## Supplied entries
────

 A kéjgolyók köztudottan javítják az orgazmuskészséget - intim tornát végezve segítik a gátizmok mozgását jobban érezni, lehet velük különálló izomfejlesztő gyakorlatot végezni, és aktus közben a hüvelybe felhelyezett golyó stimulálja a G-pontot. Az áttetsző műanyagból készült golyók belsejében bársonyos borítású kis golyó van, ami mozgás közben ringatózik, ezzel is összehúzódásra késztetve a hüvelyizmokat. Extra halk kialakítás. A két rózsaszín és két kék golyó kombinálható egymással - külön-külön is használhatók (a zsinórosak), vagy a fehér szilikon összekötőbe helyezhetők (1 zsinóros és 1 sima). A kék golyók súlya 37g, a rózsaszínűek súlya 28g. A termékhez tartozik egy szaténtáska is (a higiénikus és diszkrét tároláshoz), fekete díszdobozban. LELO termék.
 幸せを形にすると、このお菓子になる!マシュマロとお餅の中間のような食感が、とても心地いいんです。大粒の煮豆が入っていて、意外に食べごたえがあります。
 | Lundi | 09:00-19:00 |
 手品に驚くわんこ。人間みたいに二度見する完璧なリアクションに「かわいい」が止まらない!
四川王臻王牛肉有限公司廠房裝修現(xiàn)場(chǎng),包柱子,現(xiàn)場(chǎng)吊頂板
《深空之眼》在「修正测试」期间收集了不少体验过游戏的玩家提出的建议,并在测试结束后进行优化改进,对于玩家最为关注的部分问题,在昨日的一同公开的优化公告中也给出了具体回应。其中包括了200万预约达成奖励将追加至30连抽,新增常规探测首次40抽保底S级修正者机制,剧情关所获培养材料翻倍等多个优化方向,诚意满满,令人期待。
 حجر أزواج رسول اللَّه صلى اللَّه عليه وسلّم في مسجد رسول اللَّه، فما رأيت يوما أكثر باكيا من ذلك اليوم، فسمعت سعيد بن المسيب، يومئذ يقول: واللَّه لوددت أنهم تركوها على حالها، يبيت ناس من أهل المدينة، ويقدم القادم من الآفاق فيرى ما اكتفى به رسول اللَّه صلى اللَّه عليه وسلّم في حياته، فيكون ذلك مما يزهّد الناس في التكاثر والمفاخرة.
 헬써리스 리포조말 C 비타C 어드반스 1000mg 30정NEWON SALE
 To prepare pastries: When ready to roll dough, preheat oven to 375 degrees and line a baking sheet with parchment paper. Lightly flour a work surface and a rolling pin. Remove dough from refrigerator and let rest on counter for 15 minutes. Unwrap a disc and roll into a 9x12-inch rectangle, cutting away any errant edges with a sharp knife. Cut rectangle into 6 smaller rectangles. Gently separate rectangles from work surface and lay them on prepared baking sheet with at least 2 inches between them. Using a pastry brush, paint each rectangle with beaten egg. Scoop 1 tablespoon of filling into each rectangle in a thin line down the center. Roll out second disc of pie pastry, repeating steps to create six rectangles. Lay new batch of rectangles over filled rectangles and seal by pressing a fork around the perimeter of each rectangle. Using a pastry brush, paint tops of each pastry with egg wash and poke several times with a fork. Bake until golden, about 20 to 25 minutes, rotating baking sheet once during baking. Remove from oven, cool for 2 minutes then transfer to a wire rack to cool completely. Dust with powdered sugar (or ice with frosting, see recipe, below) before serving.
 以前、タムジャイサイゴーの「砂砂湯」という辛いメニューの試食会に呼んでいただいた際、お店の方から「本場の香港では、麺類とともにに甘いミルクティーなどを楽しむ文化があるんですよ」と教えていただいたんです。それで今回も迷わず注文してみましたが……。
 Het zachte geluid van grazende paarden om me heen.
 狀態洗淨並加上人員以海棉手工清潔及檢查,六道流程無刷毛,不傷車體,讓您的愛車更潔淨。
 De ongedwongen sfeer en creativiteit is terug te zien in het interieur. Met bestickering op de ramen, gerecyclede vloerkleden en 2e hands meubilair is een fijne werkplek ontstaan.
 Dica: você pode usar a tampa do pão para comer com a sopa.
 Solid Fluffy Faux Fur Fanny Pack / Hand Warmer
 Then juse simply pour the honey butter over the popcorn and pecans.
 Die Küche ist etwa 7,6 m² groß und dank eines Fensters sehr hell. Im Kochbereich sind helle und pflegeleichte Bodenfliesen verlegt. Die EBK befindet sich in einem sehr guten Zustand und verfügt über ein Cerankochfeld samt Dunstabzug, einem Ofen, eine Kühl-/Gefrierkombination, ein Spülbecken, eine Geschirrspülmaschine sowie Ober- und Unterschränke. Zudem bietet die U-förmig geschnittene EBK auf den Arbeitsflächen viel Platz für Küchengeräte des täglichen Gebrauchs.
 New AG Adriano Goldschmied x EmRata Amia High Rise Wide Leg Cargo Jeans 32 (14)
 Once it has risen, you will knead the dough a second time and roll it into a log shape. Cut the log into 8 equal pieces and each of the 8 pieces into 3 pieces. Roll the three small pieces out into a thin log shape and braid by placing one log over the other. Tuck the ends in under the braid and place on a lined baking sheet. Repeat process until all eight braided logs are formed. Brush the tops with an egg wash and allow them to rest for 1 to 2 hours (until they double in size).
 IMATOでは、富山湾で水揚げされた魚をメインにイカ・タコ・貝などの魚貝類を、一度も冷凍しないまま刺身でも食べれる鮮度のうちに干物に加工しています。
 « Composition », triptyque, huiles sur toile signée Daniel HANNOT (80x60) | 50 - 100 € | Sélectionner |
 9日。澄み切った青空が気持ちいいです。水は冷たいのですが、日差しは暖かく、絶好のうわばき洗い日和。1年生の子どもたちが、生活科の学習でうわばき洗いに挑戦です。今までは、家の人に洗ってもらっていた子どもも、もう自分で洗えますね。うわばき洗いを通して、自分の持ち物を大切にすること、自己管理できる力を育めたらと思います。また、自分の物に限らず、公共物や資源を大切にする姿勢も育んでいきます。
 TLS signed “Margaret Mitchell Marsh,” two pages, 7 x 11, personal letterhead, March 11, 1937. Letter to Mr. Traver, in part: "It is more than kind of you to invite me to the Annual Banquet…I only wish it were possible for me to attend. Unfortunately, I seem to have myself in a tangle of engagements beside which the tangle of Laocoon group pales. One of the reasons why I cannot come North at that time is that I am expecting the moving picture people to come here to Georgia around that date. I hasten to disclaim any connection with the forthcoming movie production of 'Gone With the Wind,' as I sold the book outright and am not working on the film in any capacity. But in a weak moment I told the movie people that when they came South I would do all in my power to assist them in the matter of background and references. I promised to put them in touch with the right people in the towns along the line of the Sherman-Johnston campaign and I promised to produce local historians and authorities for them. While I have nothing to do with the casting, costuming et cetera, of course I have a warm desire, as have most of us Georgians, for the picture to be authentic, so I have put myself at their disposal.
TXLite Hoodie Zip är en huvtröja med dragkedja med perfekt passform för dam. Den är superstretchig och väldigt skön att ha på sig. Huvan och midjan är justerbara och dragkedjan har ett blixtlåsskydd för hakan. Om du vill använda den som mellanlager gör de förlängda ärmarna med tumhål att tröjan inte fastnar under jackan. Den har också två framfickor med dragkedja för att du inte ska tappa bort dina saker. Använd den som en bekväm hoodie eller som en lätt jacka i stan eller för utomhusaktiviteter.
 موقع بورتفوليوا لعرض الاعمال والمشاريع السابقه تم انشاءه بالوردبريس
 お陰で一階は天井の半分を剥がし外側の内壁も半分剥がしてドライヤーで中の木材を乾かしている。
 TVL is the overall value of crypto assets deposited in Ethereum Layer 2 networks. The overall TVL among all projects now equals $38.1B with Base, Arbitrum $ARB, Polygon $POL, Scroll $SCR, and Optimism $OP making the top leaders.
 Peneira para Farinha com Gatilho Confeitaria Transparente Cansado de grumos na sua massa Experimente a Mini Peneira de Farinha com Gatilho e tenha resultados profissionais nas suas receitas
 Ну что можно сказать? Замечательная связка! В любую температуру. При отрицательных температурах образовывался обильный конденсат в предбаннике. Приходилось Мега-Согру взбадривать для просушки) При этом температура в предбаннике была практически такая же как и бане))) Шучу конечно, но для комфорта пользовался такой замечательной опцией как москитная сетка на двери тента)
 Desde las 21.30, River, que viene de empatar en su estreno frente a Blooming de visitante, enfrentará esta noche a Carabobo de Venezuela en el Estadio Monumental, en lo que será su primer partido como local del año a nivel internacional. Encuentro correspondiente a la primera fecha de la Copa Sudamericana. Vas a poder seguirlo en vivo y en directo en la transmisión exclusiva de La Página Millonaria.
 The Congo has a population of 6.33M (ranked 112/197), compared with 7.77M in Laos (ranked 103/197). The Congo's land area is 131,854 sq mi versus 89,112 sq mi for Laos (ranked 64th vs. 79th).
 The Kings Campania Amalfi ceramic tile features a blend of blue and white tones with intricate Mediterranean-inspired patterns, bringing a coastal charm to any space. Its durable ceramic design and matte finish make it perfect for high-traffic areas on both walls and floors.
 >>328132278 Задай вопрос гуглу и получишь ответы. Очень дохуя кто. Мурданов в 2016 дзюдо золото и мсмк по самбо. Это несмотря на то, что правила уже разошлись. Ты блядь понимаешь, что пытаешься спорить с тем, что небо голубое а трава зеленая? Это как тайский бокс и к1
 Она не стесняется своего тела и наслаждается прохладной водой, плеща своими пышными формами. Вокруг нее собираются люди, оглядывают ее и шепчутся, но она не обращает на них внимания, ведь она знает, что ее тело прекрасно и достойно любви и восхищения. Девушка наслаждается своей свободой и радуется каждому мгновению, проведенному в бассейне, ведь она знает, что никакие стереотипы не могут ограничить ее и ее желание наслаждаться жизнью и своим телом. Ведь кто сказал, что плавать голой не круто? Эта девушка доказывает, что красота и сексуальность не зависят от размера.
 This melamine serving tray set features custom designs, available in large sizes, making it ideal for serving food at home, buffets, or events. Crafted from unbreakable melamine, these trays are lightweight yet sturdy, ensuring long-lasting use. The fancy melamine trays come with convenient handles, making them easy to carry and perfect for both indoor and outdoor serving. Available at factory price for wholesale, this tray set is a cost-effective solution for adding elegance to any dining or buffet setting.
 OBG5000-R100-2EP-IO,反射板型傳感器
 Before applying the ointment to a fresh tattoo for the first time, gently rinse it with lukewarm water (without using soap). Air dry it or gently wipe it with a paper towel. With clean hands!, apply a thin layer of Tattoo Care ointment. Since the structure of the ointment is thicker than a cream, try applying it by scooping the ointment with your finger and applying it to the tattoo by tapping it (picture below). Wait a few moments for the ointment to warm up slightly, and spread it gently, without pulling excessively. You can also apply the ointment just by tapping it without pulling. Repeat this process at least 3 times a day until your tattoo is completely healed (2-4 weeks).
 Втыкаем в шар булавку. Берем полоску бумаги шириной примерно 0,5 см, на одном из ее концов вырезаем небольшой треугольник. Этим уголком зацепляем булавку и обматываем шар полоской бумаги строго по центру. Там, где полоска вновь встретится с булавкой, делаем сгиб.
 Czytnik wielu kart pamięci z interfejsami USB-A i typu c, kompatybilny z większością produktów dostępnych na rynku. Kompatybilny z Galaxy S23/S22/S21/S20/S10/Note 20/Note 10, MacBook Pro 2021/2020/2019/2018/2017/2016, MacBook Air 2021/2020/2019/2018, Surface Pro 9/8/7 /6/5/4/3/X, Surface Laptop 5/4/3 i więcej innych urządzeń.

────

Word for word, restate the lines of the data above that fall between the line holding "以前、タムジャイサイゴーの「" and the line holding "100 € | Sélectionner |", inclusive, and no other lines.

## Answer box
 以前、タムジャイサイゴーの「砂砂湯」という辛いメニューの試食会に呼んでいただいた際、お店の方から「本場の香港では、麺類とともにに甘いミルクティーなどを楽しむ文化があるんですよ」と教えていただいたんです。それで今回も迷わず注文してみましたが……。
 Het zachte geluid van grazende paarden om me heen.
 狀態洗淨並加上人員以海棉手工清潔及檢查,六道流程無刷毛,不傷車體,讓您的愛車更潔淨。
 De ongedwongen sfeer en creativiteit is terug te zien in het interieur. Met bestickering op de ramen, gerecyclede vloerkleden en 2e hands meubilair is een fijne werkplek ontstaan.
 Dica: você pode usar a tampa do pão para comer com a sopa.
 Solid Fluffy Faux Fur Fanny Pack / Hand Warmer
 Then juse simply pour the honey butter over the popcorn and pecans.
 Die Küche ist etwa 7,6 m² groß und dank eines Fensters sehr hell. Im Kochbereich sind helle und pflegeleichte Bodenfliesen verlegt. Die EBK befindet sich in einem sehr guten Zustand und verfügt über ein Cerankochfeld samt Dunstabzug, einem Ofen, eine Kühl-/Gefrierkombination, ein Spülbecken, eine Geschirrspülmaschine sowie Ober- und Unterschränke. Zudem bietet die U-förmig geschnittene EBK auf den Arbeitsflächen viel Platz für Küchengeräte des täglichen Gebrauchs.
 New AG Adriano Goldschmied x EmRata Amia High Rise Wide Leg Cargo Jeans 32 (14)
 Once it has risen, you will knead the dough a second time and roll it into a log shape. Cut the log into 8 equal pieces and each of the 8 pieces into 3 pieces. Roll the three small pieces out into a thin log shape and braid by placing one log over the other. Tuck the ends in under the braid and place on a lined baking sheet. Repeat process until all eight braided logs are formed. Brush the tops with an egg wash and allow them to rest for 1 to 2 hours (until they double in size).
 IMATOでは、富山湾で水揚げされた魚をメインにイカ・タコ・貝などの魚貝類を、一度も冷凍しないまま刺身でも食べれる鮮度のうちに干物に加工しています。
 « Composition », triptyque, huiles sur toile signée Daniel HANNOT (80x60) | 50 - 100 € | Sélectionner |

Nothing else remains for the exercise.